- **Task statement**
The lines to reproduce from the material below are those from the one containing "Midi Dresses<New U" through the one containing "为全面回顾总结2024年度医", both included; write them out exactly and add nothing.

- **Records for this exercise**

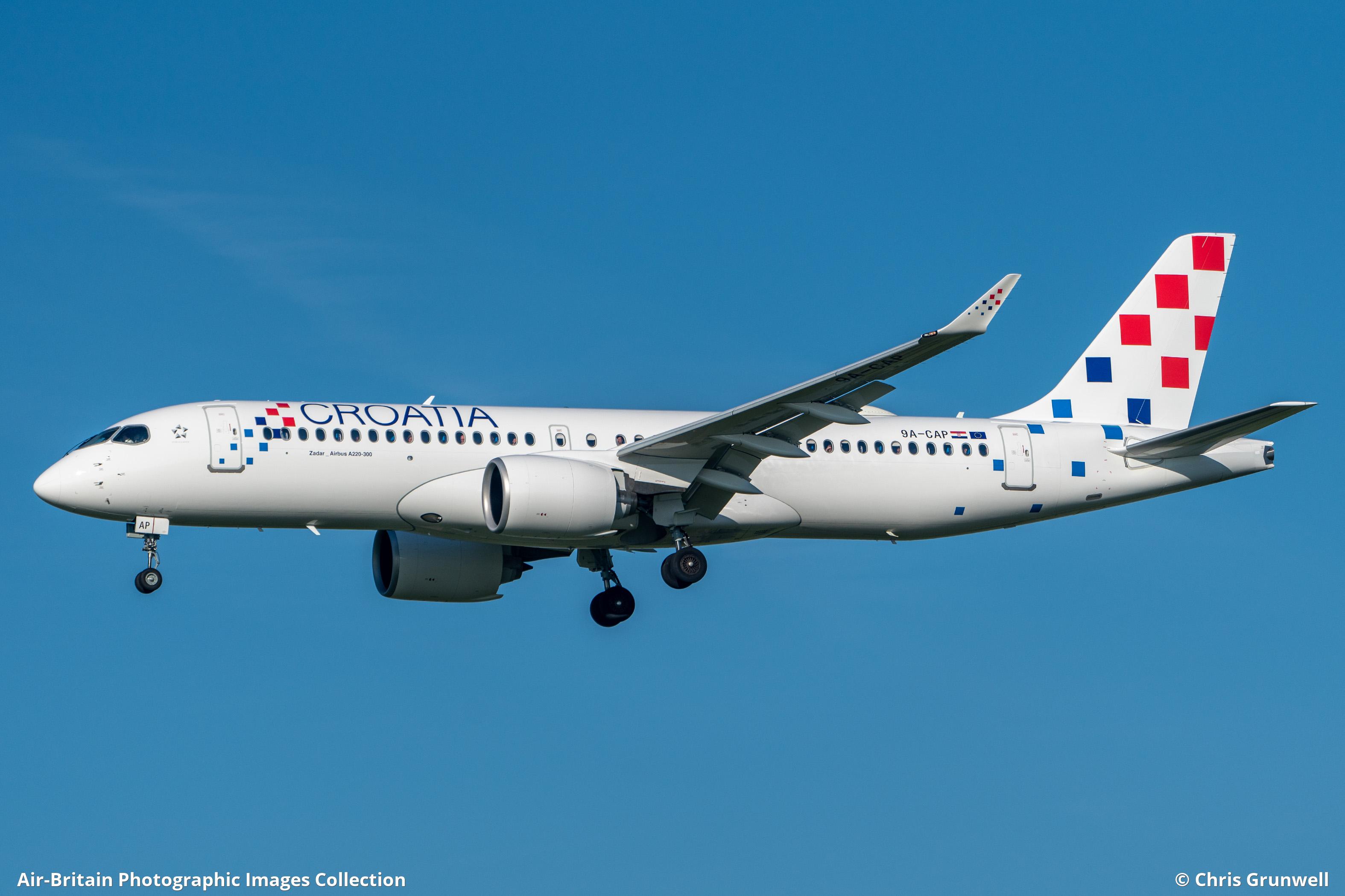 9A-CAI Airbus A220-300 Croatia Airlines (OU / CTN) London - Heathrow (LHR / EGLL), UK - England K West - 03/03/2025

* * *

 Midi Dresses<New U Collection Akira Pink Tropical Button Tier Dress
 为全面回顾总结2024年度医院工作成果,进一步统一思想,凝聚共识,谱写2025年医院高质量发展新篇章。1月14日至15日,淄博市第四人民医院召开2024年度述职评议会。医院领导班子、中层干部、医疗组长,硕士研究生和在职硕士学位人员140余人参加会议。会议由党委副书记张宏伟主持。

- **Result of the exercise**
 Midi Dresses<New U Collection Akira Pink Tropical Button Tier Dress
 为全面回顾总结2024年度医院工作成果,进一步统一思想,凝聚共识,谱写2025年医院高质量发展新篇章。1月14日至15日,淄博市第四人民医院召开2024年度述职评议会。医院领导班子、中层干部、医疗组长,硕士研究生和在职硕士学位人员140余人参加会议。会议由党委副书记张宏伟主持。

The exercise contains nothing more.